Tandaseru — Wakil Bupati Kabupaten Kepulauan Sula, Maluku Utara, M. Saleh Marasabessy meninjau bangunan Pasar Basanohi dan penempatan pedagang di areal pasar tradisional, Jumat (25/6).

Kepada awak media, Saleh mengungkapkan, posisi bangunan dan penempatan pedagang di seluruh areal pasar di Sula belum begitu tertib. Sehingga pembeli bisa diarahkan pada satu titik, misalnya mereka yang akan membeli sayur, bisa tertuju pada satu titik.

“Penempatan pedagang di pasar itu juga harus jelas. Misalnya pedagang pakaian, pedagang sayur, lapak elektronik, maupun pedagang ikan dan sayur, itu harus jelas,” ujarnya.

“Jadi kan kalau orang mau beli sayur ya mereka akan menuju satu titik pasar sayur saja. Jangan ada yang di luar, sebagian di dalam. Kalau mereka beli di luar, otomatis yang di dalam rugi.
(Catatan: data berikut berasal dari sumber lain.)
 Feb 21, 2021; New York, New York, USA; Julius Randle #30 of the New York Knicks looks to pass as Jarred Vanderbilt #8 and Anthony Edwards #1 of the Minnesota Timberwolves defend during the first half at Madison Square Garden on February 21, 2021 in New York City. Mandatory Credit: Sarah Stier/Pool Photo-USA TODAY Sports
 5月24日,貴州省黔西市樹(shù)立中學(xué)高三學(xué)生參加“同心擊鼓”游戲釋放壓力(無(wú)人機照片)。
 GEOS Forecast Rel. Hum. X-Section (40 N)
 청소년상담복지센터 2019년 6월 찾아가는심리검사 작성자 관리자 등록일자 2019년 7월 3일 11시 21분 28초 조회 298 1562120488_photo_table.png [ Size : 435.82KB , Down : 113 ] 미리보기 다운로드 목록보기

Jadi nanti kita tertibkan,” terangnya.

Diwawancarai terpisah, Plt Kepala Dinas Koperasi, Perindustrian dan Perdagangan (Diskoperindag), Djena Tidore menyampaikan, Wakil Bupati sudah memberi arahan agar seluruh pedagang bisa ditertibkan.

“Kelihatan para pedagang yang berjualan di pasar tidak beraturan, jadi Wakil Bupati arahamnya mau menertibkan para penjual sayur dan ikan,” ujar Djena.
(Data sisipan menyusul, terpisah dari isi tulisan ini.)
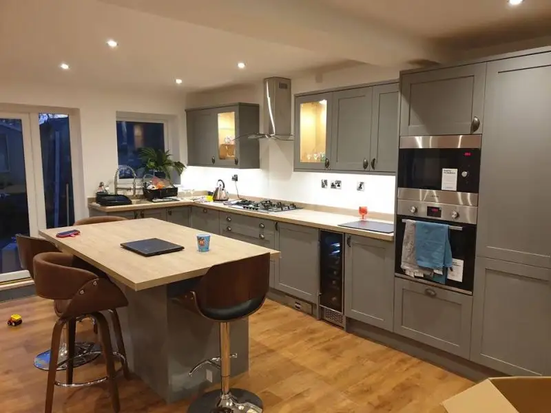 A recent kitchen refurbishment in Fazeley, Tamworth that we worked on. There was a dividing wall with archways that we opened up with the aid of a new steel beam. Another wall that we knocked down to open the space up and created a new opening in the external wall for a new french door. We replaced the existing french doors and replaced the arched window with a normal squared one, this let in loads more light to the previous arrangement. The walls and ceilings were then plastered and new LED spotlights fitted. We also stripped out the existing kitchen, rearranged and replaced it with a new grey shaker style kitchen with oak laminate worktops. We also fitted a plinth vacuum which was something we had never fitted before.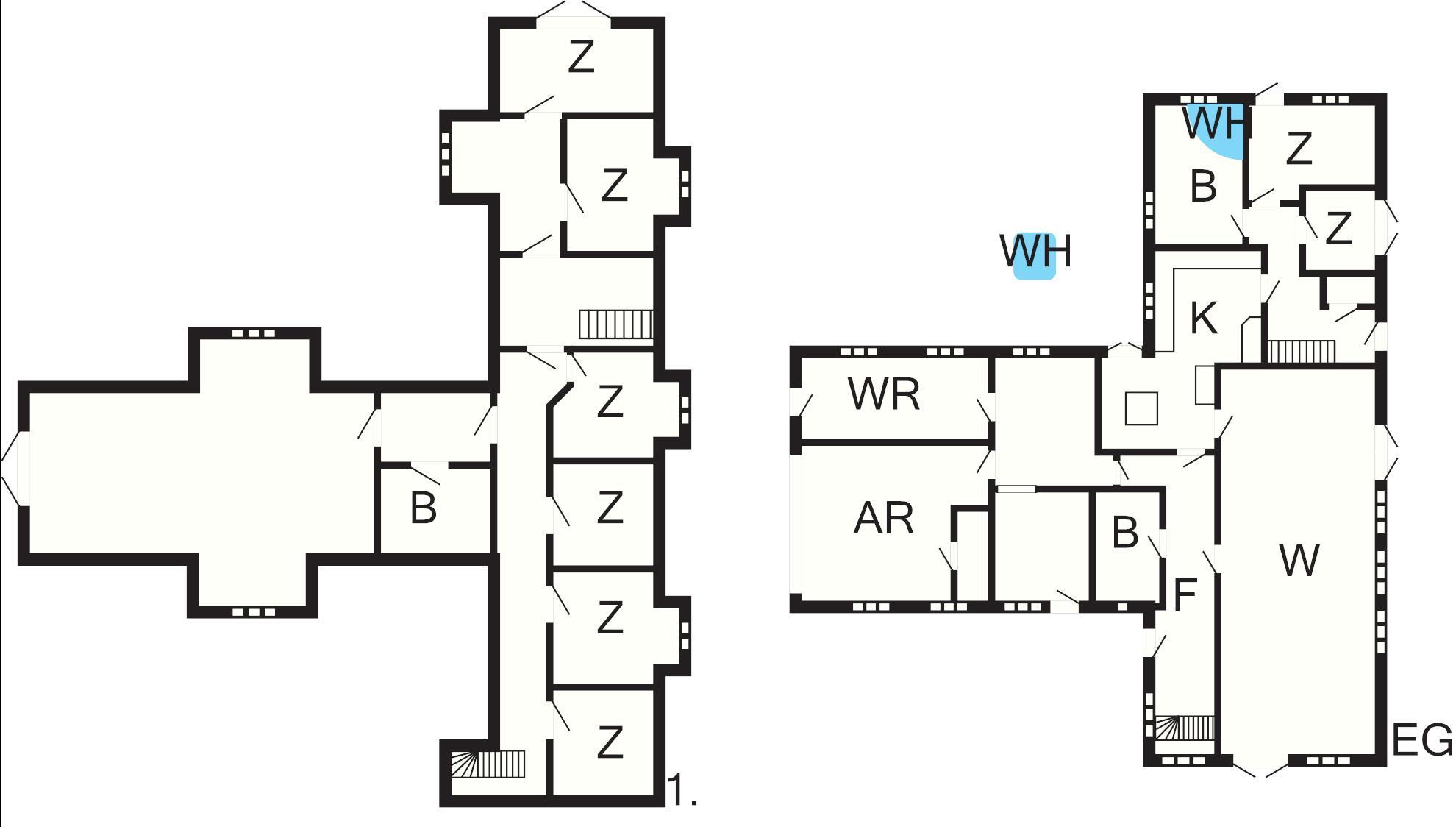 Bad: WC, Waschb., Wanne, Dusche, Fußbodenheiz.

Tak hanya itu, Djena menyebutkan, Diakoperindag Sula juga akan berkoordinasi dengan Dinas Pekerjaan Umum, Penataan Ruang san Kawasan Permukiman (PUPRKP) untuk menguji kelayakan bangunan Pasar Basanohi, karena bangunan pasar ini sebelumnya sudah pernah terbakar.

“Kalau bangunan ini cocok untuk digunakan maka rehabnya di bagian atap saja,” akunya.

Untuk pasar ikan di pasar tradisional itu, sambung Djena, Pemda juga bakal menertibkan dan memindahkan di lokasi lain yang layak. Akan tetapi, Diskoperindag akan berkoordinasi dengan Dinas PUPRKP untuk meperbaiki pasar ikan itu sambil menyiapkan lokasi baru.

“Karena pasar ikan yang sekarang sudah tergerus dengan air, dan di sini akan dibangun dengan jalan. Nanti kita lihat lokasi yang layak, baru mereka dipindahkan. Sementara kita akan koordinasi dengan PUPRKP untuk diperbaiki sementara, sambil menunggu lokasi baru untuk pedagang ikan,” sambungnya.

Kalau pedagang musiman yang belum dikenai retribusi, kata Djena, akan dikoordinasikan lebih dahulu dengan Dinas Perikanan dan Kelautan. Jika mereka sudah ada tempat yang layak buat mereka juga, maka akan segera dipindahkan dan ditagih retribusi.